Nella lettera ultima ho auta oggi dì IIII da voi, nè in quella di
prima che dite scrisse
Guido e che nolla leggeste, non dite nulla delle più
copie ch'io vi mandai che scrivesse a più della Ventina, ch'a me parea.
Ben dite a
Stoldo e me, che vi maravigliate che non vi dico che a
Guadagni scriviate nulla. E per questo penso pur, l'abbiate aute. E a
mano a mano dite, come è ch'io non vi scriva che scriviate a
Francesco Federighi. E io ho a mente, come se fosse ora, ch'io vi
mandai a dire che a lui scrivesse, e dissivi come gli diceste nella forma
ch'agli altri; salvo che aggiugneste questo: «
Francesco, io so che
Vanni Rucellai è quello che voi; se mai mi dovete servire, vogliate
che e' s'adoperi per la mia giustizia, sì che io abbia cagione di tornare a
Firenze».
A
Domenico Giugni vi dissi diceste, come sperate a luogo e tempo
avere con lui grandi e lunghe consolazioni; e che lui ricevavate per
amico in iscambio di
Guido,
cui Iddio v'avea levato dinanzi agli occhi. E che in fine gli
diciavate, che nell'animo vostro era, non curare ove voi finiste vostra
vita: e che non v'era noia così andar più là, come tornare alla patria: e
come di questa materia non pensaste mai scrivere nè a lui nè ad altri;
pure, per conforto de' vostri amici e
parenti, a' quali volete più tosto
credere che a voi medesimo, scrivavate a lui ed alcuno altro, che gli
piacesse sostenervi nella vostra giustizia: e come la verità era, che tutte
le possessioni vostre, fuor delle
case e
masserizie, non
valeano
fiorini
MMM; e come agevole era loro informarsene a
Prato. E in fine il
pregaste, gli desse Iddio grazia pigliare buono partito.
Or,
Francesco, questo era l'effetto della lettera io vi mandai per
copia a
più e più. E dicovi che in detto effetto ne facciate una a
messer
Tommaso; con dire in fine, che gli piaccia dirne l'animo suo a
Matteo dello Scelto, suo vicino: e che ciò arete caro; e grande
amore vi fa scrivergli. E dinanzi, e nella
soprascritta, dite: «Onorevole
padre,
messer
Tommaso Soderini, maggior carissimo».
E dissemi
Stoldo, che dette mie lettere diede ora al dirieto a non so che
vetturale.
Stoldo non suole mai fallare di ciò. E dicovi che v'è più adatto
e più utile, che mai arei creduto; ed è d'assai: salvo ne' fatti del
Comune
non è isperto; ed è un poco duro di piacevolezze: ma egli è da tenerlo
caro.
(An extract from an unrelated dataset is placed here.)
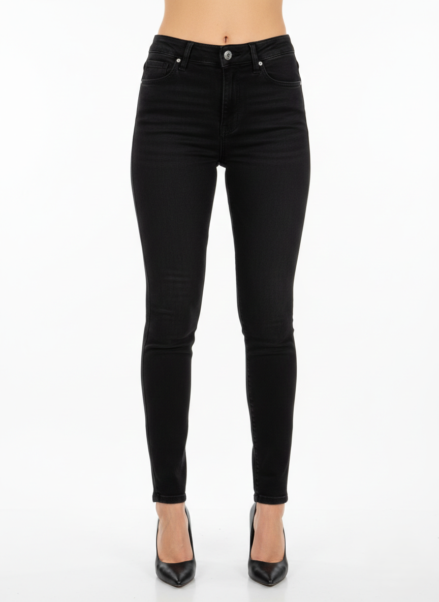 Találd meg a tökéletes farmert, ami nemcsak stílusos, de kényelmes is! Ez a mélyfekete modell speciális push-up szabással készült, amely optikailag formálja és emeli a fenék vonalát. A szűkített szárú (skinny) fazon és a rendkívül elasztikus, rugalmas anyag biztosítja, hogy a nadrág tökéletesen rásimuljon a lábakra, mégsem korlátozza a mozgást.

E oggi il trovai con molta malinconia di non so che villania gli
diciavate per l'ultime lettere, cioè ch'attendavate
Tommaso, ec
.; e
ch'egli è a
Pisa, e non si ispaccierà sì tosto.
Ora torno al proposito. A
Matteo Villani, a
Tommaso Rucellai,
a
Bernardo e
Vieri Guadagni,
Domenico Corsi,
Andrea di messer Ugo,
Aghinolfo Popoleschi,
Niccolò da Uzzano, ne
fate una, di pochi versi l'una, come in effetto vi mando per
copia. E a
tutti dite di sopra: «tale di tale, onorando mio maggiore, in
Firenze». E
una simile ne fate a
Francesco Federighi. E non vi iscordi quella di
Domenico Giugni, detta di sopra; con quella parola, che sperate
avere con lui lunghe consolazioni in iscambio di
Guido, ec
.. E una ne
fate a
Francesco Federighi, se già fatte non l'aveste, come in altra
vi scrissi.
A
Matteo dello Scelto, a
Vanni Rucellai, a
messer
Filippo, non
la fate. Non dico sanza cagione. E tutto pigliate sotto brevità, e in
consolazione; e andate alla piana col mondo.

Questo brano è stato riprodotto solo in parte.